September 30, 2011, 12:00 AM

Amazon's new tablet-friendly site design emphasizes simple search and navigation

Amazon's new tablet-friendly site design emphasizes simple search and navigation.

Allison Enright

Editor

Lead Photo

Long a leader of innovation in e-commerce, Amazon.com Inc. has always had one weak point that might be expected of an online mass merchant: its home page has been rather cluttered.

But now that's about to change, as Amazon began rolling out last month a new site design that reduces clutter and is easier to use for consumers shopping on iPads and other tablet computers. Other retailers will want to take note of the focus on tablets, experts say.

"What Amazon's doing is setting a precedent for what everyone else is going to have to do in a short time," says Dan Shust, director of emerging media at Resource Interactive, an e-commerce marketing and consulting firm. "It says if you are a retailer and you are not working on optimizing for tablets, you better because a lot more traffic will be coming from these devices in the next six months."

With its new site, Amazon has given over more of the home page to white space, giving it an almost airy feel.
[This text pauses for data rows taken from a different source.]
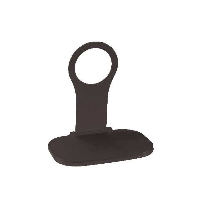 Soporte para teléfono fabricado en plástico color negro, con aro para colgar. Ideal para cargar el teléfono y colgarlo en el contacto.
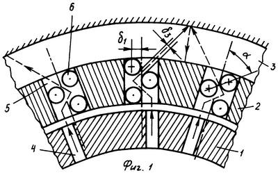 Ширина а и длина h канала 5 определяется посредством заданных радиуса стержней 6, величин 1, 2, 3 и угла между осью канала 5 и линией, соединяющей центры стержней 6, лежащие по разные стороны от оси канала 5. Расстояние 2 между стержнем 6 и противолежащей боковой стороной канала 5 соизмеримо с шириной канала 4 в роторе.
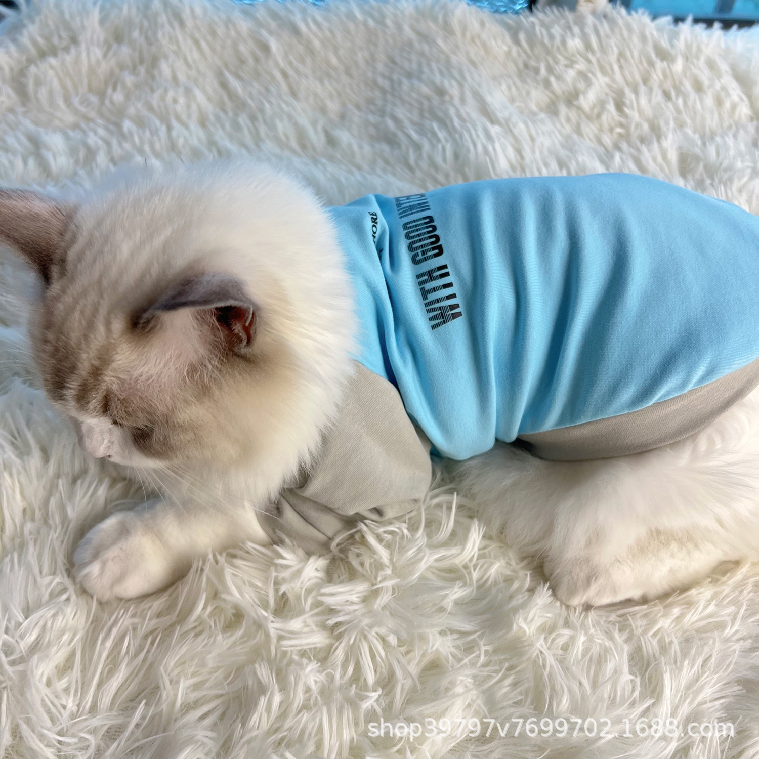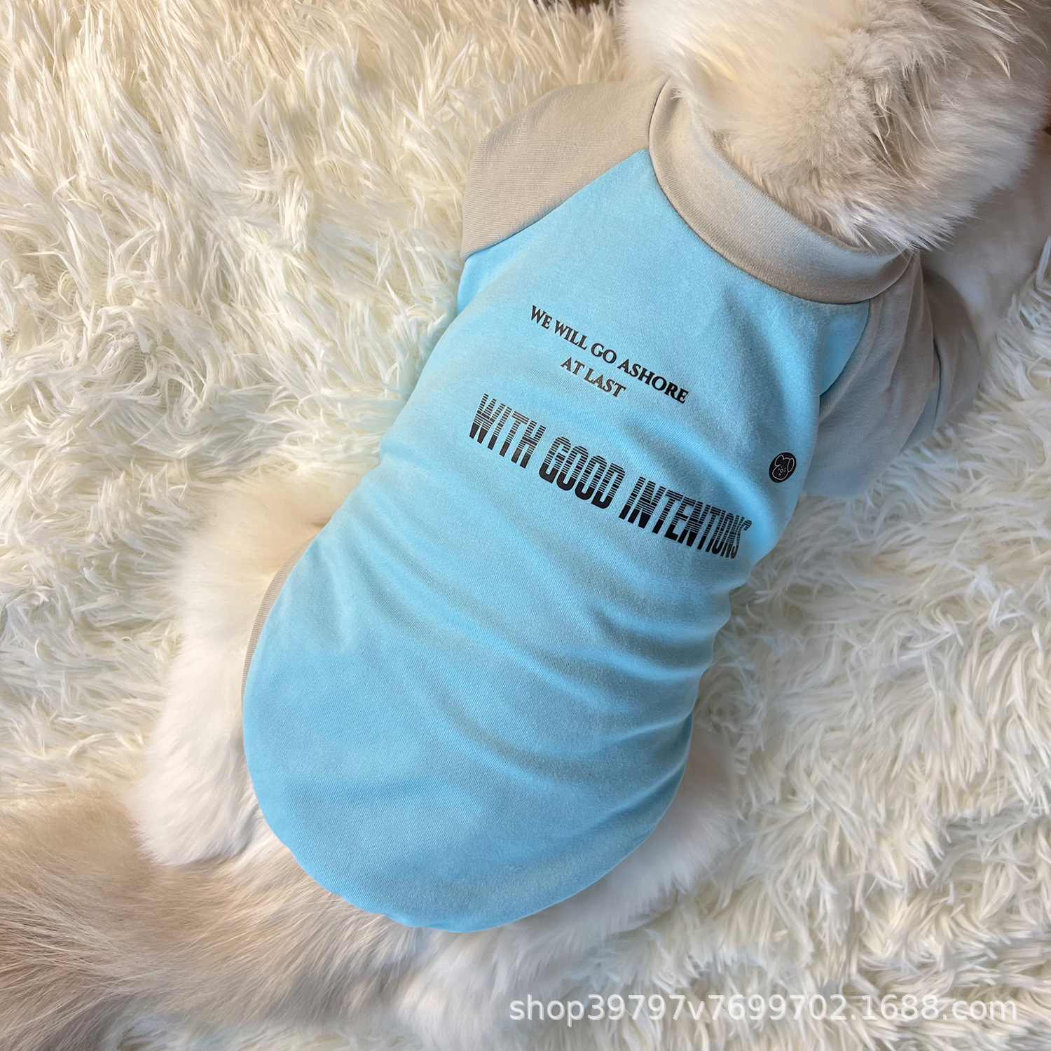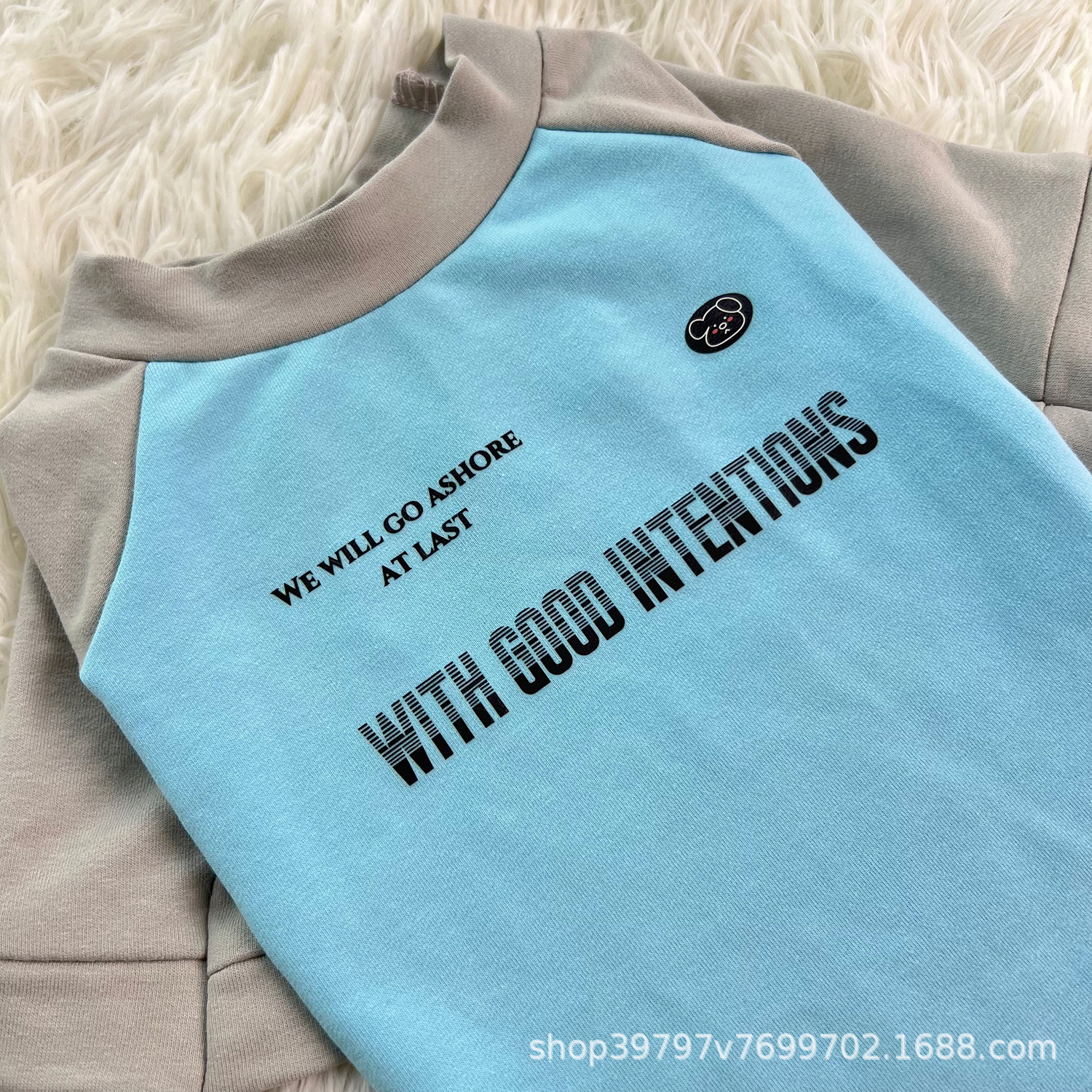 애완견 고양이 옷 봄과 가을 얇은 순면 스타일 스티치 대비 색상 스웨터 소형 중형 및 대형 개 골든 리트리버
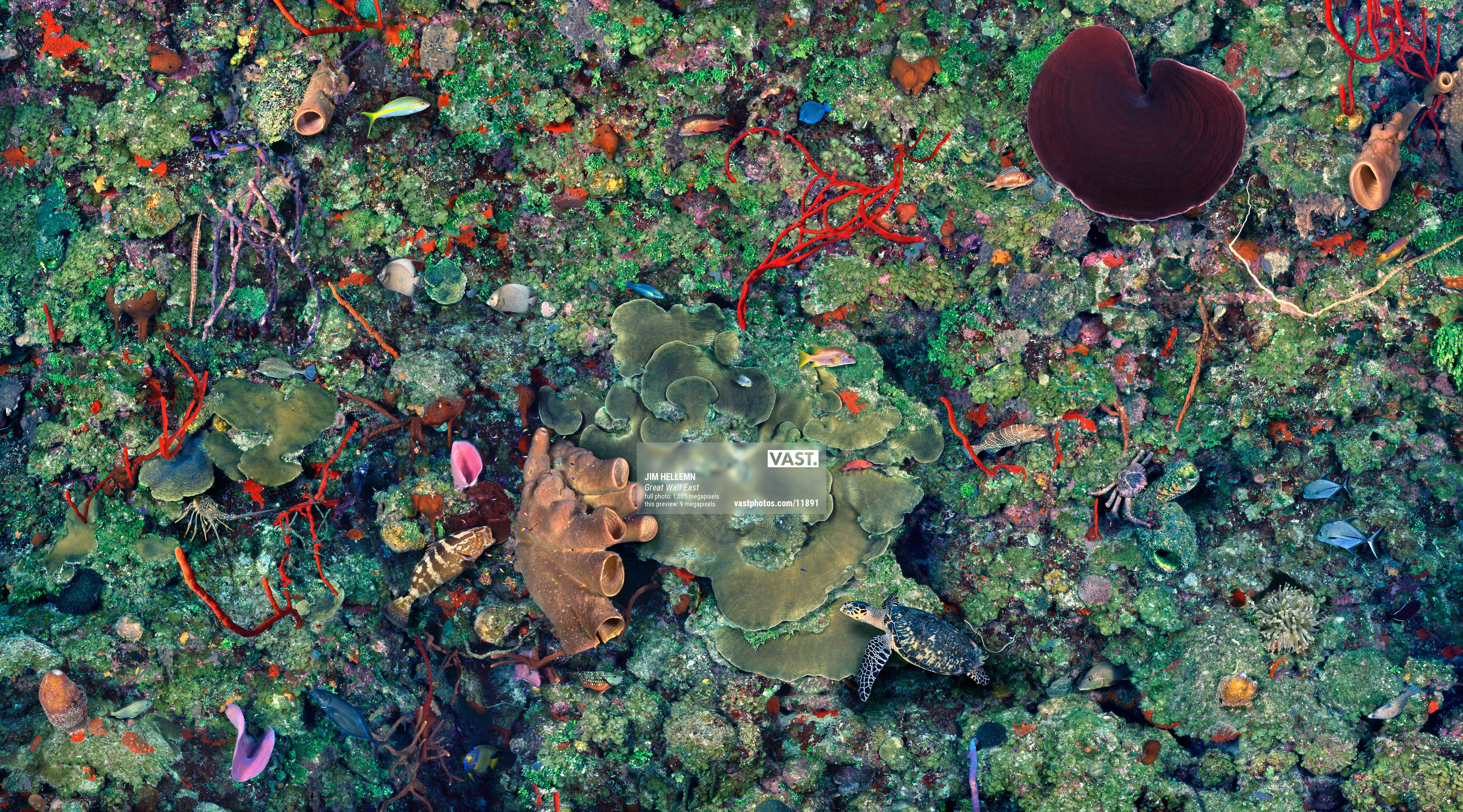A portion of the famous dive site “Bloody Bay Wall” is captured in this life-size photomosaic, assembled manually from hundreds of 35mm slides taken with a Nikonos V camera mounted on a custom underwater platform.
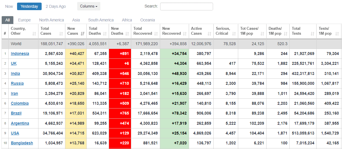 Деталі: Зокрема, в Індонезії – 40 427 випадків, в Британії – 34 471, в Індії – 30 827.
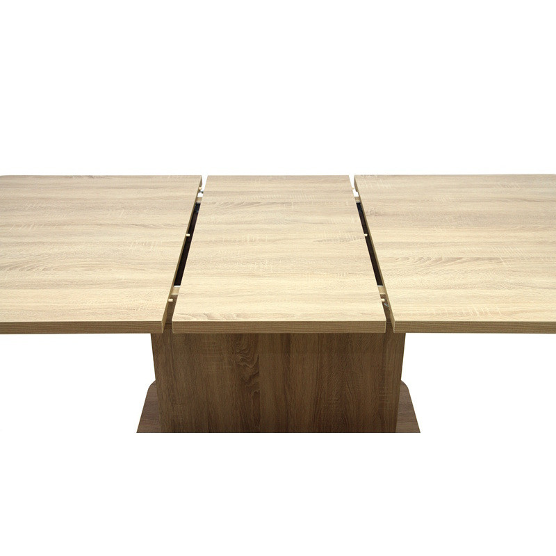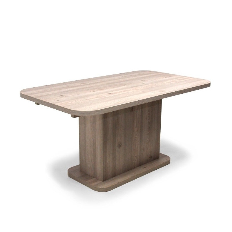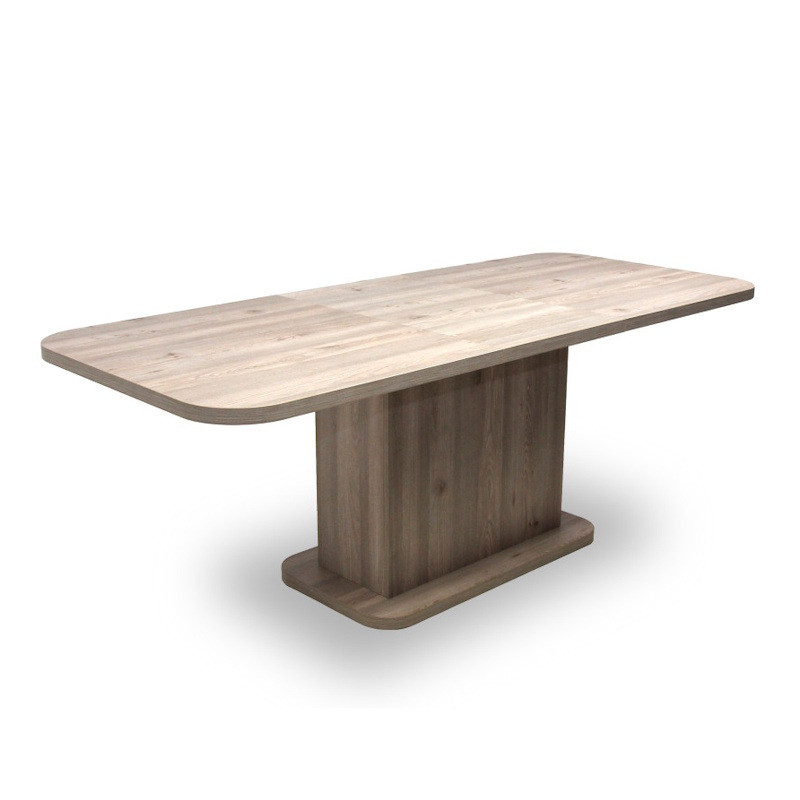 Ennek az étkezőasztalnak a lábazata és az asztallapja laminált faforgácslapból készült ABS élzárással, duplungolt kivitellel és PU ragasztási technológiával (Víz-, pára és hőálló, tartós kötést biztosít, ennek köszönhetően a bútorok élettartalmát jóval megnöveli!). Nagyobbítás, fém vasalattal történik. A plusz betét az asztal alatt tárolható.

The retailer also made the search box larger and deemphasized the previous "shop by department" navigation option by consigning it to a pull-down menu.

Roughly 80% of Amazon customers use the site's search bar to find products, says Scot Wingo, CEO of ChannelAdvisor Corp., which helps online merchants sell through search engines, comparison shopping sites and online marketplaces. "Amazon has enlarged the search bar in this redesign to encourage that behavior," he says.

The change suggests that Amazon is preparing itself for the evolution of e-commerce, as typing in a search term is easier than accessing drop-down menus or complicated fly-out navigation bars for consumers who use touch-screen-based mobile devices such as iPads and iPhones, designers say. And with rumors heating up that Amazon soon will release its own tablet computer, it makes sense to make the changes now. "If they do in fact bring out a tablet, Amazon will want Amazon.com to look its best and function its best on that tablet," says Judy Foster, executive creative director of design firm Grand River Interactive. Experts add that such designs will also work well on other devices like laptops or desktop computers.

The new design also gives over more home page real estate to digitally delivered products and services offered by Amazon. Links to Amazon's MP3 Store, Instant Video, Kindle Store, Cloud Player, Cloud Drive and Audible Audiobooks products and services appear on the home page as tabs arranged horizontally beneath the search box.

Consumers using touch screens can just tap the department name to get access to products in those categories rather than take two steps to touch the department name and scroll though subcategory options on a fly-out window as the previous design required.